03:04:35.540 It keeps the brotherhood connected. That's so important for you guys. I know there's such a
03:04:39.700 unique bond and if you don't nurture it, maybe you lose it and it just becomes a memory, which is
03:04:43.920 not okay. I want to tell our audience that the book that talks about Jay's experience is called
03:04:50.380 The Trident. And then you heard him reference his second book, which is called Overcome,
03:04:54.920 Crush Adversity with Leadership Techniques of America's Toughest Warriors. And we will look
03:05:00.420 forward to the third book, which is the relationship one. And we'll have you back on for that.
03:05:05.560 Lieutenant Jason Redman, I'm moved. I'm inspired. I'm excited for what comes next in your life and
03:05:12.720 to read your next writing.
03:05:14.340 And I just wish all my best to you and your family.
03:05:16.800 I know my audience is joining me right now
03:05:18.500 in thanking you, thanking you, thanking you
03:05:20.660 so much for your service,
03:05:22.220 your sacrifice, that of your family as well.
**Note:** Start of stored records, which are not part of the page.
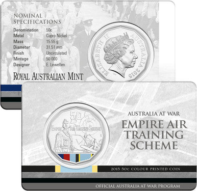 2015 50c Australia At War Empire Air Training Scheme Coloured Uncirculated Coin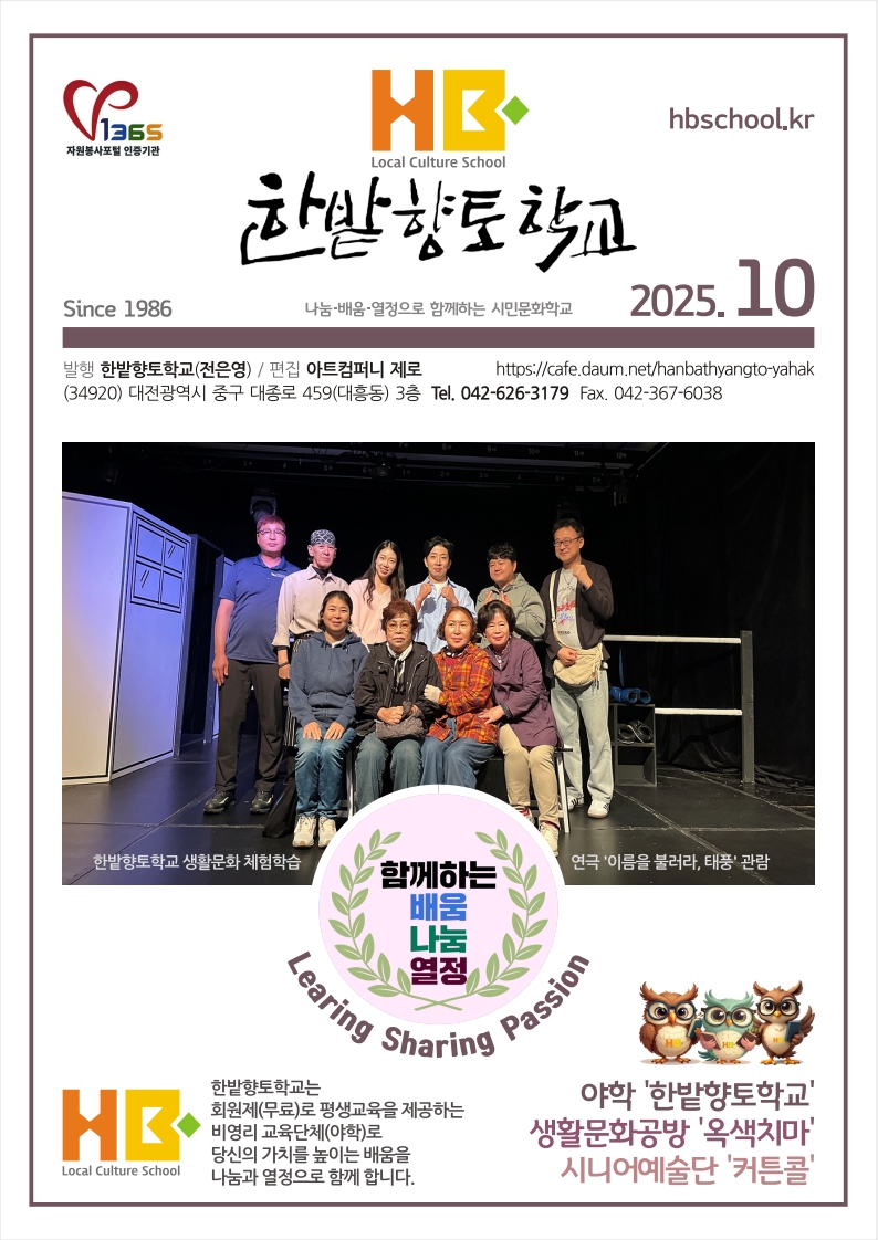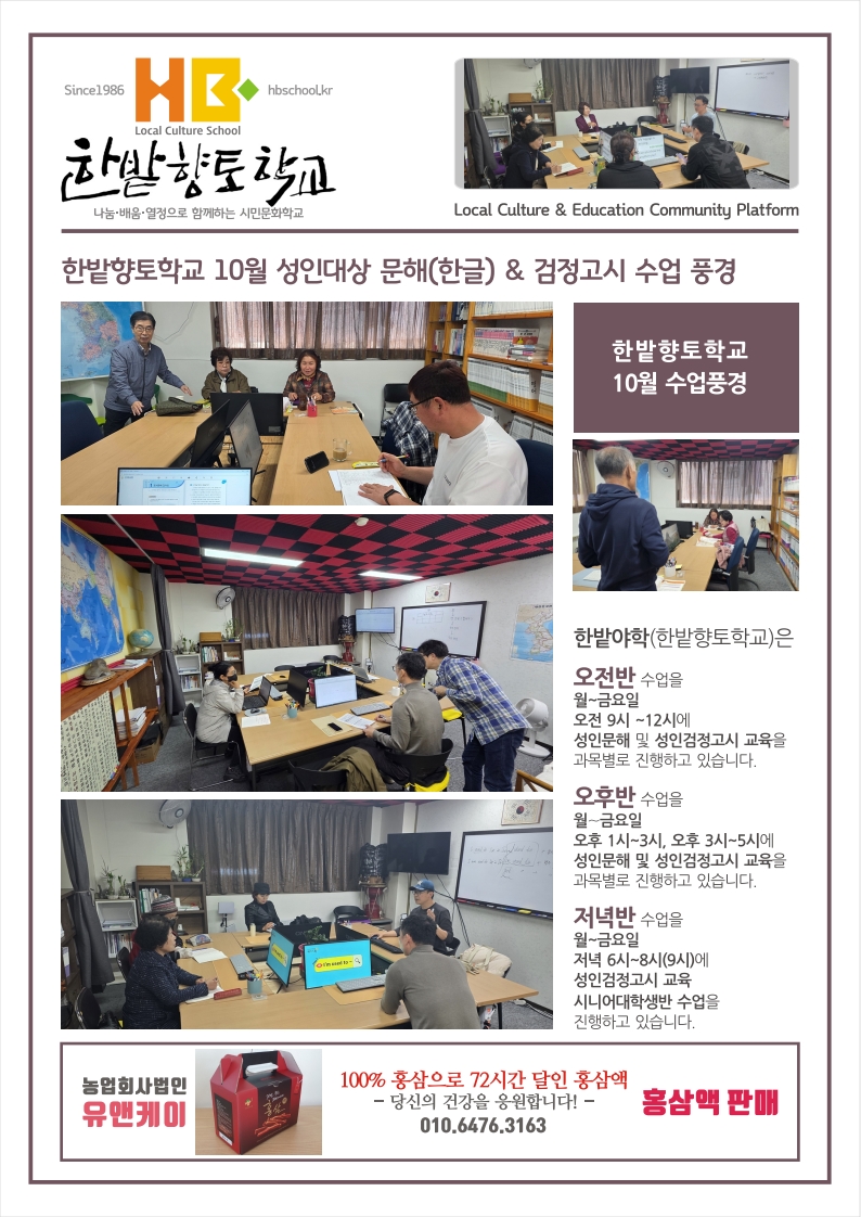 대전야학 한밭향토학교 2025년 10월 소식 _ 성인문해(한글)교육, 성인검정고시교육, 컴퓨터활용교육, 성인기초영어교육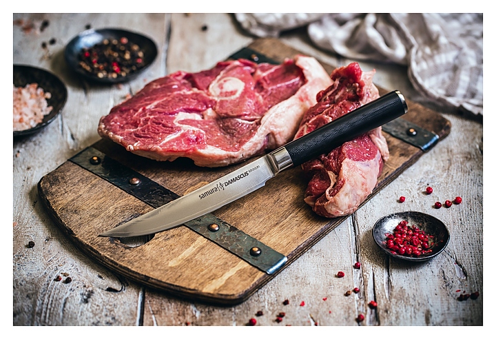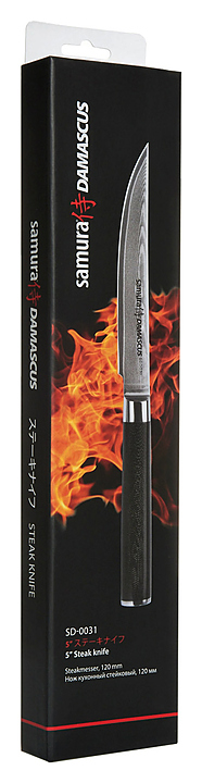 Нож для стейка Samura Damascus SD-0031/Y предназначен для нарезки стейков, мяса и пиццы на предприятиях общественного питания и торговли, в частных домах и квартирах. Центральная часть ножа выполнена из высококачественной дамасской стали V-Gold-10 и защищена 67 слоями обкладок из более мягких сталей - благодаря этому режущая кромка долго сохраняет безупречную остроту, а сердцевина надежно защищена от механических повреждений при работе. Ручка изготовлена из стеклопластика G-10. Особенности:

03:05:24.440 They do the same in their own ways
03:05:26.040 and we appreciate you.
03:05:27.420 God bless you.
03:05:29.660 My honor.
03:05:30.660 Thank you.
03:05:31.600 Oh, such an inspiring guest.
03:05:34.540 He's amazing, isn't he?
03:05:36.340 Go to jasonredman.com
03:05:40.240 to find out much, much more about Jason,
03:05:42.500 about his books, about his courses, everything, everything Jason Redman. Well worth your time.
03:05:48.000 Today, I join you in remembering all of the men and women who have served our country
03:05:52.380 and also thinking of and thanking our current military members serving today.